___ Data section
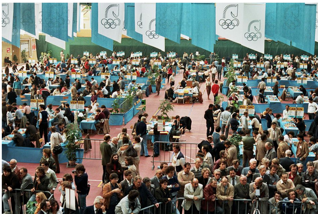
Figure 2: Imagen Olimpíadas de ajedrez 1982.
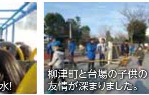
柳津町と台場の子供の友情が深まりました。
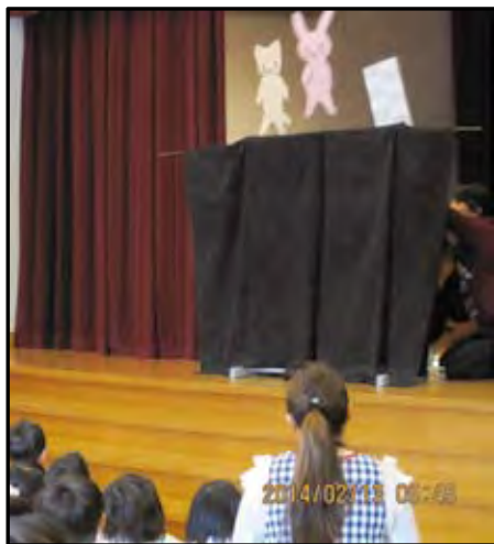
図-3 ペーパーサートによる劇を演じる 和歌山大生と熱心に見る子どもたち
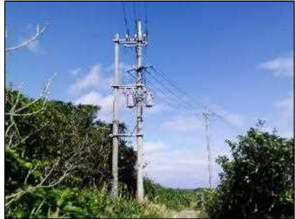
写真⑭ 高圧線ルート 9
______
- Required work: Copy out each line of the data exactly as it reads; skip the pictures.

- Answer to the problem:
Figure 2: Imagen Olimpíadas de ajedrez 1982.
柳津町と台場の子供の友情が深まりました。
図-3 ペーパーサートによる劇を演じる 和歌山大生と熱心に見る子どもたち
写真⑭ 高圧線ルート 9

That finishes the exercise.